Re: what has happened to scan disk?



owais javaid wrote:



contd............."What has happened to scan disk?"
well i have never used floppy disk to boot into my PC....that is why
i'm confused...that how can the floppy drive be damaged when it
contains no "floppy"??


Unknown. Your description of your partitioning scheme, as well as vague references to a Win98 disk, are not at all clear. It almost sounds as if you're trying to boot a WinXP computer using a Win98 boot diskette. Naturally, if your WinXP partitions are NTFS, the portion of Win98 loaded into memory by the boot diskette won't be able to read them. As far as it'll be concerned, the only drive on the computer will be the A: drive.


secondly both D: & E: drives are NTFS so is that the reason for the
scandisk not running on them?


Scandisk won't run because it doesn't exist on a WinXP system.
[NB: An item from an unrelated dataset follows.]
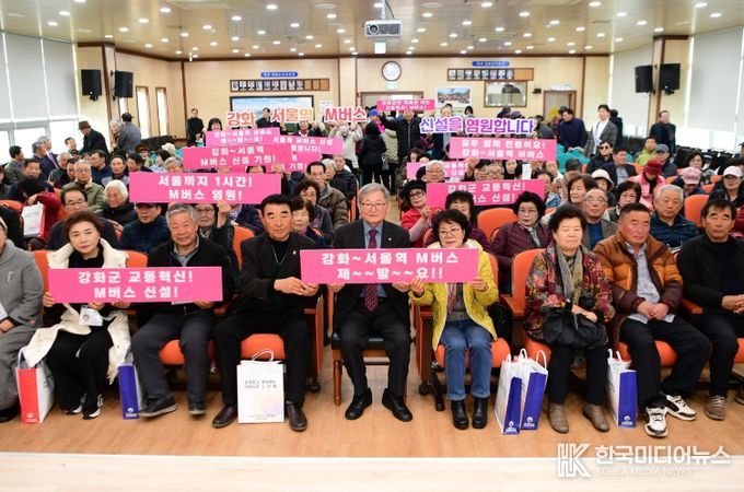 [ 한국미디어뉴스 이원희 기자 ] 강화군이 중점적으로 추진하고 있는 ‘강화~서울역 M버스(광역급행버스)’ 신설을 향한 군민들의 염원이 세대를 넘어 뜨겁게 확산되고 있다.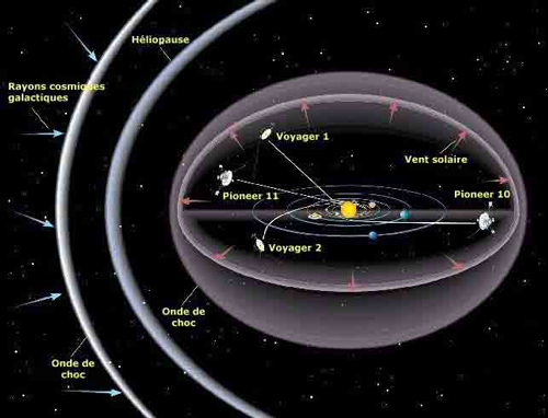 Une autre définition de la frontière du Système solaire est celle de l’héliosphère. L’héliosphère est une gigantesque bulle de gaz dans laquelle les particules émises par le Soleil (le vent solaire) repoussent celles du milieu interstellaire. La frontière est l’endroit où le vent solaire n’est plus capable de repousser le gaz interstellaire. Si l’on considère la frontière de l’héliosphère comme celle du Système solaire, son rayon est d’environ 75 à 90 unités astronomiques, ce qui fait entre 11 et 13 milliards de kilomètres.

If you're trying to use Win98's Scandisk from a Win98 boot diskette to scan NTFS partitions, you're wasting your time. Win98 *cannot* read or otherwise access the NTFS file system. Boot into WinXP and use its native tool, Chkdsk, instead.


Another thing i'd like to know is that why does the system show the RAM
= 248 MB while it is 256 MB??


Does your computer's motherboard happen to have an integrated video controller that uses a portion (12Mb is common for lower-end controllers) of the system RAM for video display? Consult the computer manual.
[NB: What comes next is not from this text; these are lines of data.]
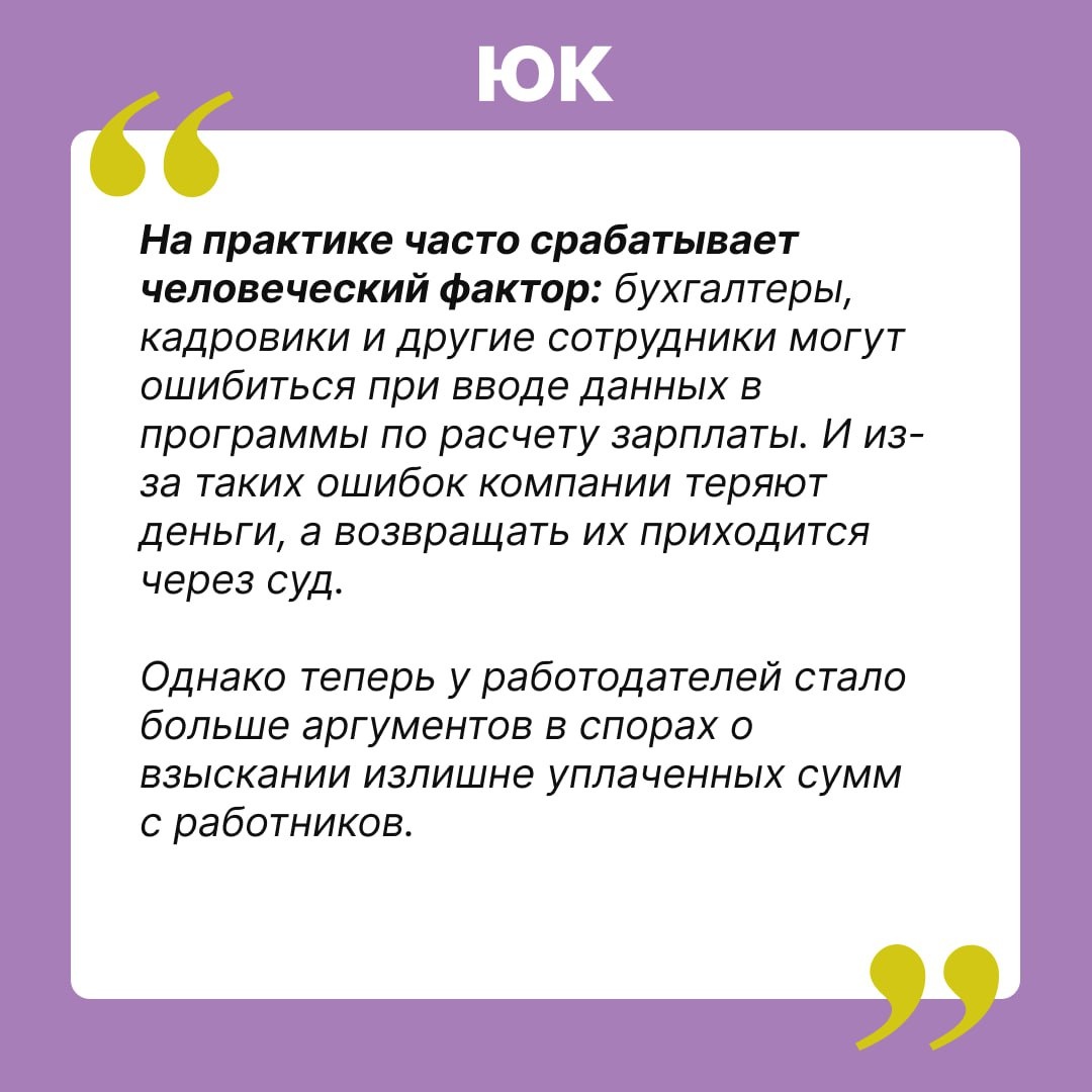 Компании смогут вернуть переплату зарплаты из-за ошибки при вводе данных в программу расчета зарплаты ➡️ Сотрудник получил зарплату почти 1,8 млн руб. вместо 10 тыс. за месяц. Причина: при расчете зарплаты бухгалтер не поставил запятую в количестве отработанных смен - указал 1064 смены вместо 10,64. Сотрудник деньги возвращать отказался. Первая инстанция и апелляция признали выплату результатом счетной ошибки и взыскали сумму как неосновательное обогащение. Кассация встала на сторону работника, посчитав, что бухгалтер допустила техническую, а не счетную ошибку, при вводе данных в зарплатную программу. 📌 Верховный суд не согласился с выводами кассации и оставил в силе решение первой инстанции и апелляции. Работник должен вернуть переплату работодателю. ВС разъяснил: неправильный ввод данных о количестве отработанных смен - это счетная ошибка, а не техническая. Счетной ошибкой считается арифметическая ошибка, допущенная при проведении расчетов сумм, подлежащих выплате, включая оши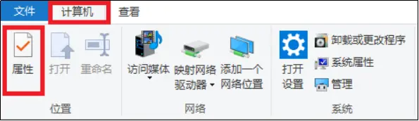 打开此电脑,选择”计算机”选项卡,找到”属性”并点击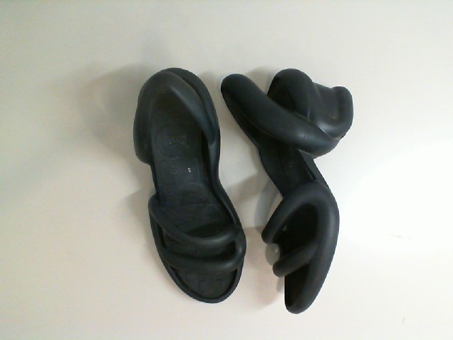 These women's rubber platform shoes feature a unique, contemporary design that makes them stand out. Made entirely from durable rubber, the shoes are not only flexible but also resistant to water, making them ideal for various weather conditions. The platform heel offers additional height while ensuring comfort, while the innovative strap design hugs the foot securely. The shoes' sleek black color adds versatility, allowing them to be paired easily with casual or dressy outfits. Ideal for both indoor and outdoor wear, these shoes combine fashion and functionality seamlessly.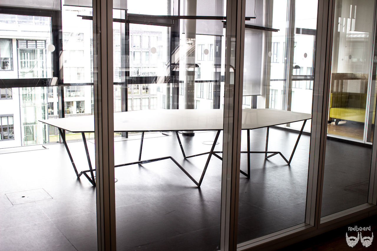 dieser cleane konferenztisch im meadiacom_lab besteht eigentlich aus zwei identischen, ungleichmäsigen tischen.

and why is it normal to get only 74.52 GB
hard disk instead of the said 80 GB????


WinXP, like other operating systems, measures kilobytes, megabytes, and gigabytes as:

1 Kb = 1024 bytes
1 Mb = 1024 Kb = 1,048,576 bytes
1 Gb = 1024 Mb = 1,073,741,824 bytes

However, a common marketing ploy used by hard drive manufacturers to make their products seem a bit larger than they really are is to assign the value of an even 1,000,000,000 bytes to the gigabyte.